_EXERCISE DESCRIPTION_. Copy only what lies from the line containing "This simple and" through the line containing "レイヤースタイルにかかせないエアリーなレースブラウス。" in the entries below, keeping both end lines exact and dropping every picture.

_STORED DATA_.
************

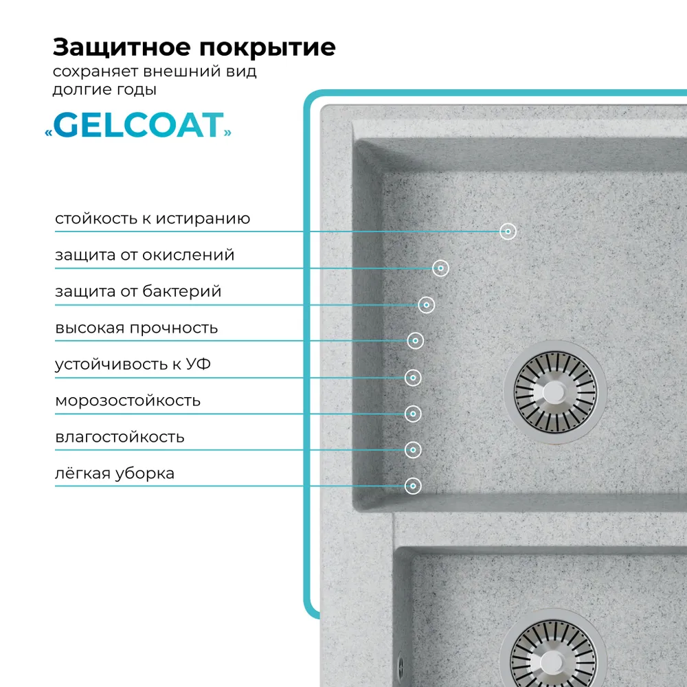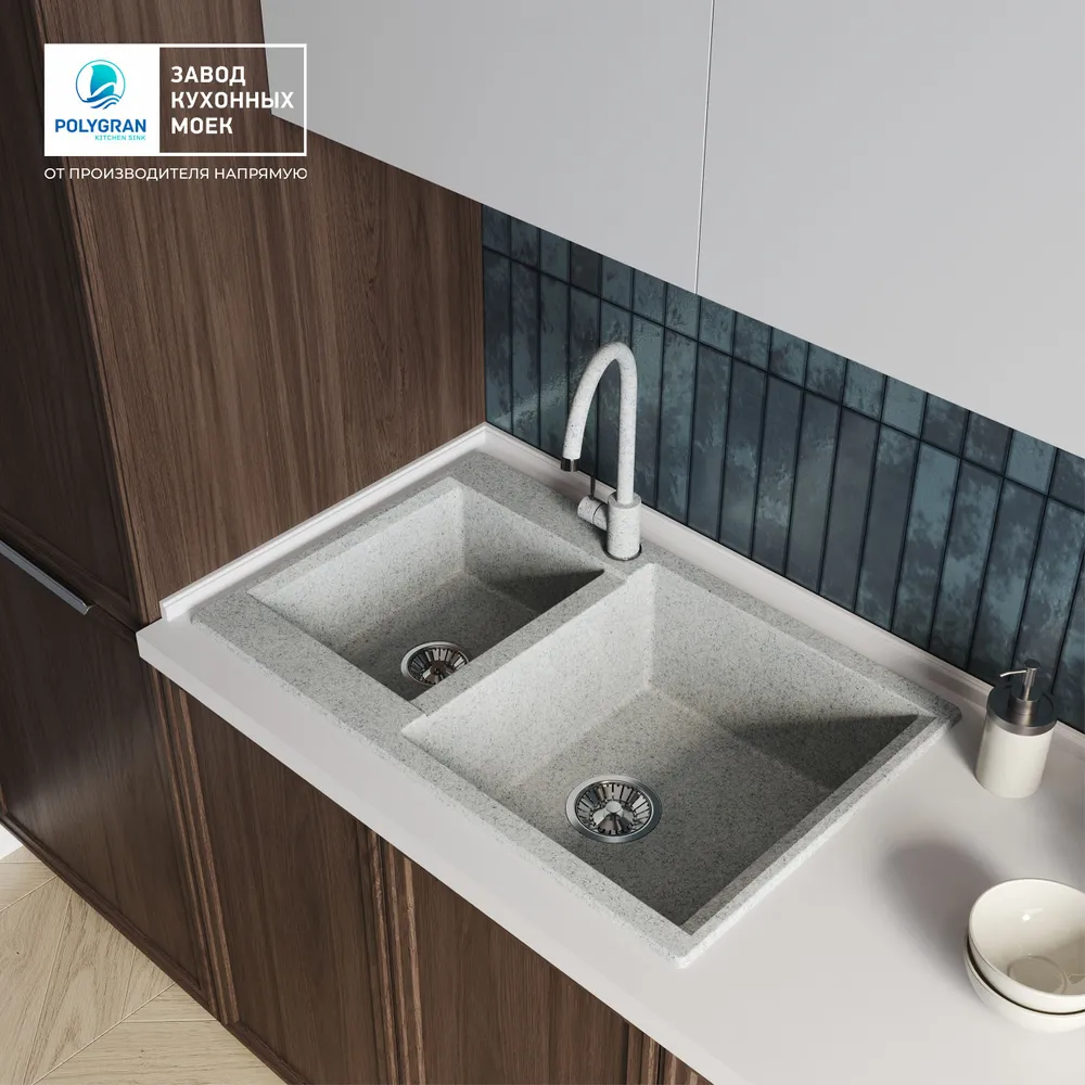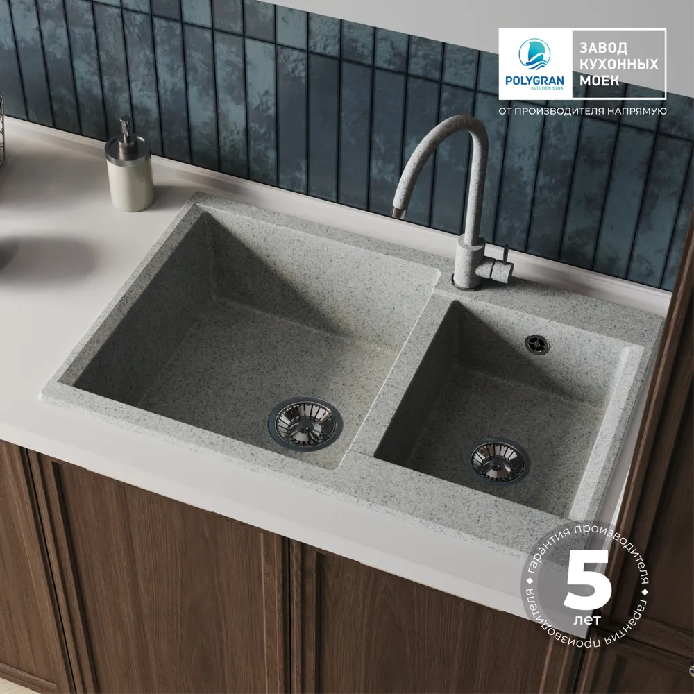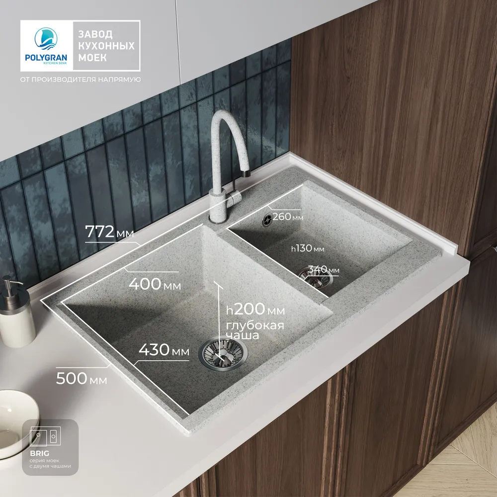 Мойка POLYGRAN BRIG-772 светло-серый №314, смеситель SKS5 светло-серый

************

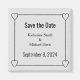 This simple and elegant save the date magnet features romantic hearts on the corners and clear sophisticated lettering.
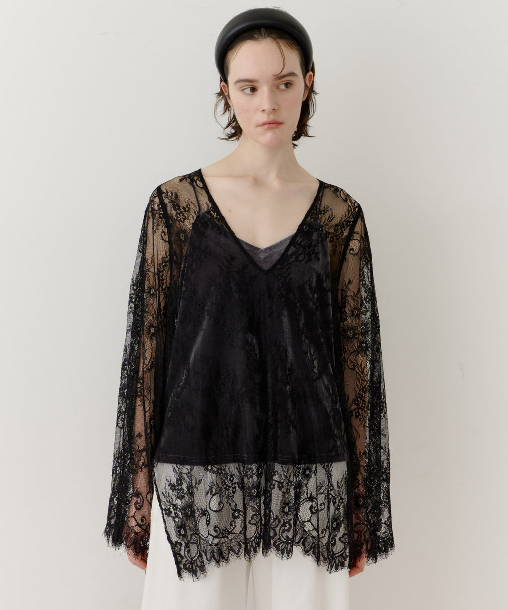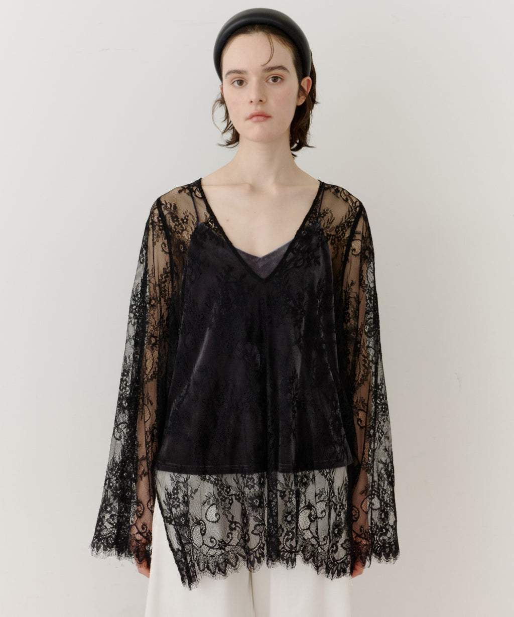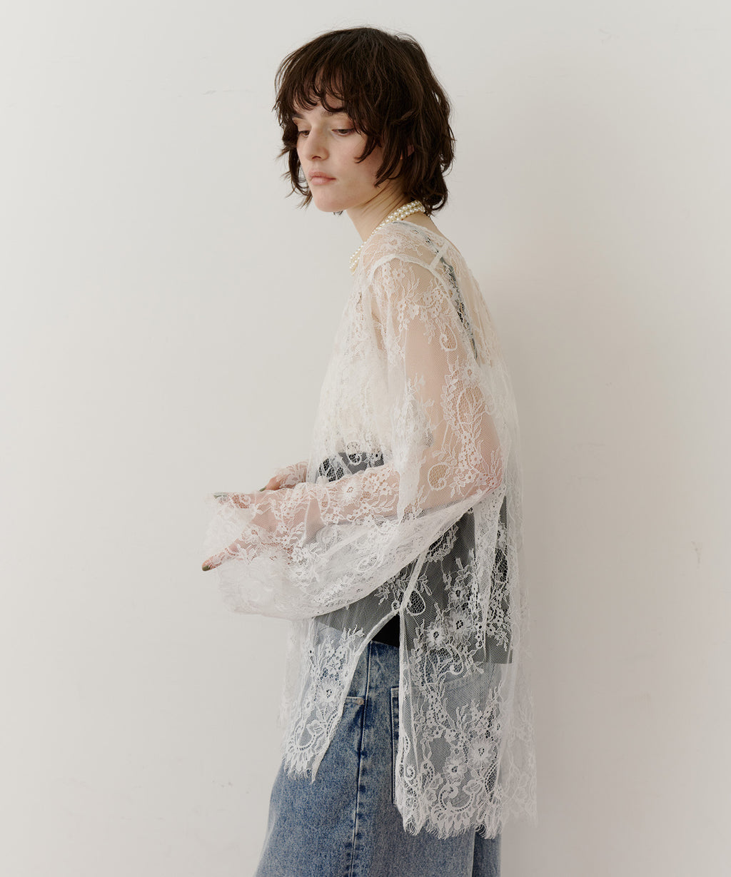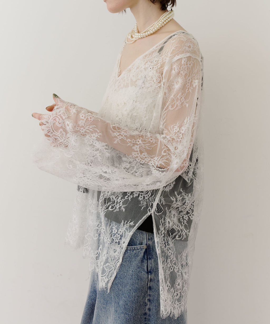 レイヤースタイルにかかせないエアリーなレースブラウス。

************

_OUTPUT OF THE EXERCISE_.
 This simple and elegant save the date magnet features romantic hearts on the corners and clear sophisticated lettering.
 レイヤースタイルにかかせないエアリーなレースブラウス。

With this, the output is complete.